Abstract

The idea that where one lives in America affects how one lives and what personal values, politics, and lifestyles one assumes has long been a part of American thought. Writers, moralists, and politicians alike have long mediated on the value of geography in determining lifestyle, and the image of the pastoral idyll has long been proffered as a balm for those wearied by the supposed trials of urban life. Authors of American fiction have historically relied upon the possi­bilities and associations offered by setting novels on the frontier, in the backwoods, in the suburbs, and at any number of other varia­tions on the idea of a retreat from established urban centres. Promi­nent examples abound; most notably, in the nineteenth-century, there was Henry David Thoreau’s writing about his time in a small cabin on Walden Pond.
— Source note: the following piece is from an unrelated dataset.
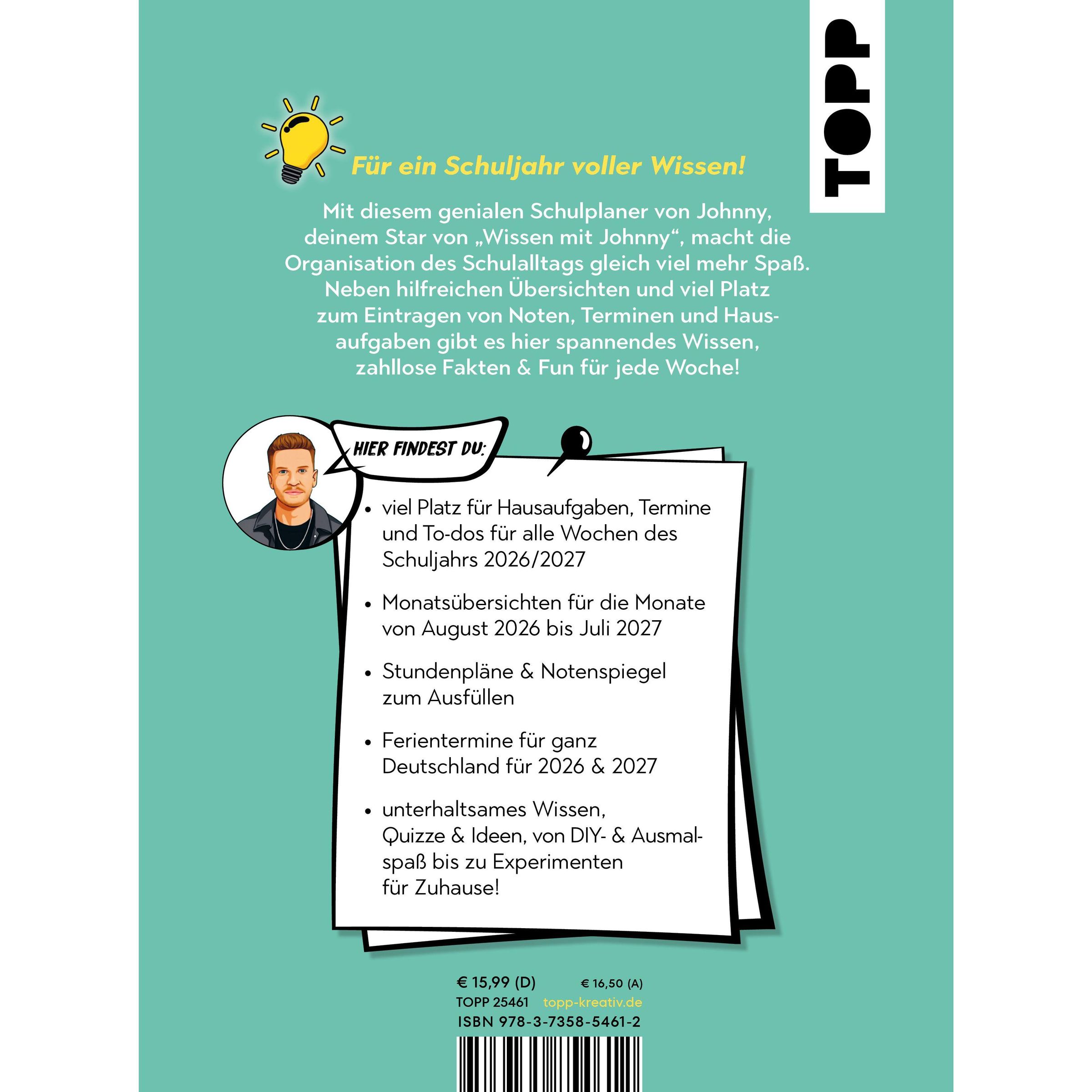 Mit dem ersten Schulplaner von Johnny, dem kreativen Kopf hinter dem erfolgreichen Podcast "Wissen mit Johnny" , wird der Schulalltag nicht nur perfekt organisiert, sondern auch richtig unterhaltsam! Dieser Kalender begleitet dich durchs Schuljahr 2026 / 2027 und verbindet cleveres Planen mit spannendem Wissen - so wird jeder Tag abwechslungsreich und motivierend.
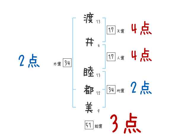総運![]() | 渡井睦都美さんの総運は51画の3つ星!変化が激しく、危険に注意。堅実な性格。 あなたの人生を表す1番重要な運勢です。生涯を通じて影響する総合運となり、主に50歳以降の晩年期に影響を及ぼします。 |

In Walden; Or, Life in the Woods (1854), Tho­reau espouses the value of eschewing material goods and the trap­pings of contemporary society (“etiquette and politeness”) in favour of basic physical necessities and solitude. But Thoreau, writing in the 1850s, is clearly and deliberately writing against a whole tradi­tion in American thought that does not see this kind of removal from a highly ordered society as productive. The earliest evidence of this tradition is the famous speech John Winthrop gave onboard ship in 1630, “A Model of Christian Charity” (1838).